Read Occupy's plan for Saturday—including a rough schedule of events—after the jump.
Occupy Portland is responding to the Mayor’s threat of eviction on Saturday night, November 12/13, by throwing a Potluck Dinner: a family-friendly event with music and celebration for the entire city. Affinity groups will lead neighborhoods in marches beginning around 2 p.m. converging on the Occupation from about 5 PM. At least one group is coming from Seattle. There were announcements of support from local and regional groups. The purpose of the Occupy potluck is to bring a significant mass of people together in solidarity with the nonviolent, humanitarian goals of Occupy.
Energy at the General Assembly on Thursday night was high, and attendance was sharply up. Observers say between 200 and 300 were in attendance. Volunteer facilitator Adriane said the only larger General Assemblies have been in the first week of the Occupation. Many speakers voiced a belief that the movement is growing stronger, that the threatened eviction will bring more energy into the movement, and that a continuing public presence is necessary to provide a place for people to meet and to make visible the systemic problems that corporatism has long kept invisible.
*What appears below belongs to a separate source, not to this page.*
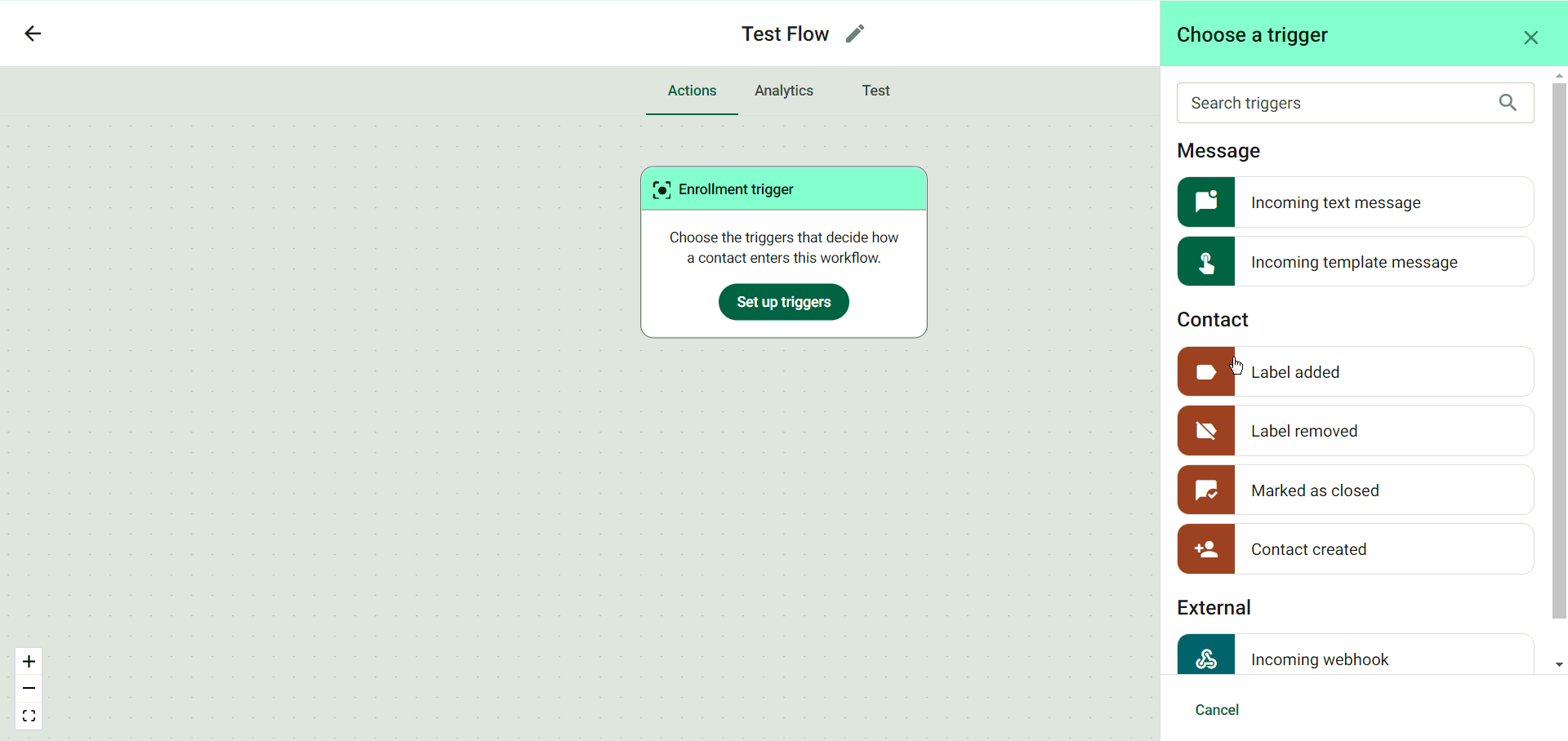 Incoming template message. We will understand the setup of all the types of triggers below:

After the emergency GA held in front of City Hall at noon, working groups prepared lists of actions that people can take before and after the eviction date. Most of the ideas put forward include the importance of gathering the largest crowd Occupy Portland has yet seen, united in peace, united in support for the 99% whose interests have not been served by corporatism, by war, and by the concentration of wealth in the hands of the very few. Visions include the following:
—a mass of people, singing and chanting, circling the encampment Saturday night on foot and bicycle;
—food: empanadas, pizza, cake, locally-grown fruits and vegetables;
—music: guitars, drums, shakers, singalongs;
—more signs: creative signs, funny signs, home-made signs with memorable slogans;
—playful costumes (warm and fuzzy ones, bunny suits, Portland at its weird and wonderful best);
—dancing all night long.
Adriane reminded the assembly that as always, in Occupy events, “Whatever the whole group decides, everyone can go with whatever feels right to them, so long as it’s peaceful and nonviolent.”
Before Saturday night, those who have valuables in the Occupied parks are urged to secure them and to move them off-site. Coalitions of local labor groups and some local churches are offering transportation and storage. Friday is a day for clean-up for the potluck. Some voices recommend “leave no trace.”
There were also many ideas concerning actions during and after the planned eviction. Some will sit in wait to be arrested. A training for those who are willing to risk being arrested is offered by the National Lawyer’s Guild at 2 PM on Saturday. Others will provide support for those being arrested. Ideas for after the eviction include the following: outreach to unions, homeless organizations and faith organizations, plans to keep the occupation visible, plans for community events occurring on a regular basis, plans to return to the park and clean it, re-seed the grass, care for the trees, and make the two parks that have been so important to us, more beautiful than they were before the Occupation.